Here’s a quick run down of what I’ve tried:
Paper Planner Days – I would add things into my calendar but the day would come and go and it wouldn’t get accomplished and then since it was in the past I would no longer look at it. Fail.
Separate Paper Calendar – I would create a plan for the quarter, or if I was really ambitious the year, but then the loose paper would get misplaced or sucked into my pile of “inevitable clutter”. This is the place that all items that have a pending decision to be made live in limbo until the pile gets out of hand and you go through it recycling at least half and wondering to yourself why you saved it in the first place. Fail.
Individual Event Planning – I then threw caution to the wind and decided that a marketing calendar just wasn’t for me. I would work on marketing projects when they came up and not plan them out in advance. Any guesses on how that worked? Big. Fat. FAIL. I realized this was not sustainable when it was December 21st and I never did any Christmas Card marketing nor marketing to the previous years clients about purchasing additional prints as gifts….let alone any marketing that was any more complex!
The Digital Age – I created a marketing calendar on Evernote. This was better, but I tend to use Evernote as a place to store digital stuff and not as a stop on my workflow. It works as the perfect place to store goals, brainstorming, random tutorials or blog posts that I want to read, notes from conferences, etc. I just didn’t go into Evernote as often as was necessary to make it a sustainable marketing calendar. Fail.
Details on how I worked on creating this version of the marketing calendar can be found here.
Trello – Cue the angels singing.

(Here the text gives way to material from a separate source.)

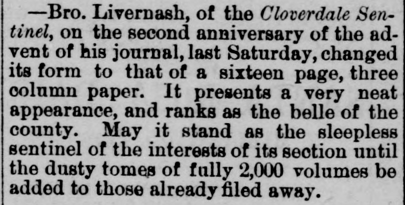 - Excerpt: Bro. Livernash, of the Cloverdale Sentinel, on the second anniversary of the advent of his journal, last Saturday, changed its form to that of a sixteen page, three column paper.
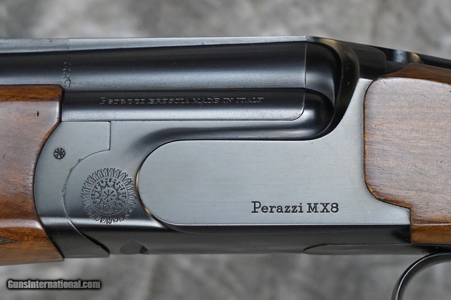 Description: Pre-Owned Perazzi MX8 Skeet 12GA with 30" fixed (SKT/SKT) choke barrels, 11x7 tapered checkered rib. Blued action with factory removable, flat-spring non-selective trigger. Minor bluing wear on edges of action. Full set of fitted Briley UL (20/28/.410) sub-gauge tubes. Minor bluing wear on barrels. Factory pistol grip stock with Graco adj. comb, beavertail forearm. Minor handling marks on stock, minor target dings and minor scuffs. Includes Nasco case, only includes SKT/SKT chokes for sub-gauge tubes. SOLD Shotgun Gauge: 12 Gauge, 20 Gauge, 28 Gauge, .410 Gauge |

By George, I think I’ve found it!
What is Trello? In a nutshell, it is a collaboration tool that organizes your projects into boards. However, it is so much more powerful then that suggests. If you aren’t familiar with Trello, take a few minutes to go on a tour.
Pretty sweet right? Did you notice that it’s free? Even better.
First, I created a Marketing Calendar Board. Within that board I created a list for each month of the year. On each list I created a card with a different marketing event. On each card you can add information to the back in the form of links, lists, contacts, due dates, etc. It’s all self contained and if you want to move an event from February to April you just pick it up and move it to that month.
If you have an idea for a marketing event but aren’t sure where to put it, create another list for “to be scheduled” and keep the overflow ideas there.
I have also created an email marketing calendar board in the same format. This is a great place to remind me to send fall booking information out by August 1st. Offer digital files to clients from 2 years prior in March. Advertise for dog days of summer minis in June. It’s just such a simple way to keep an updated marketing calendar…dare I say that it’s actually fun!
Trello is also an excellent way to break down a large project and manage all of the smaller pieces. Are you updating your website? Create an update website board. Create a to do, in progress, and done list. Create a card in the to do list for each small action item, such as update pricing page, update about me page, check links, etc… As you accomplish each task move it over into the done column.
This works incredibly well for managing events. For instance, I hold a charitable mini-session event each year and I have created a Trello board for it. I have a card for each action item….4 weeks open registration, 6 weeks press release, blog post, e-blast, etc…
Remember, a marketing plan is only effective when it is put into action. I think that Winston Churchill said it best, “I never worry about action, but only inaction”.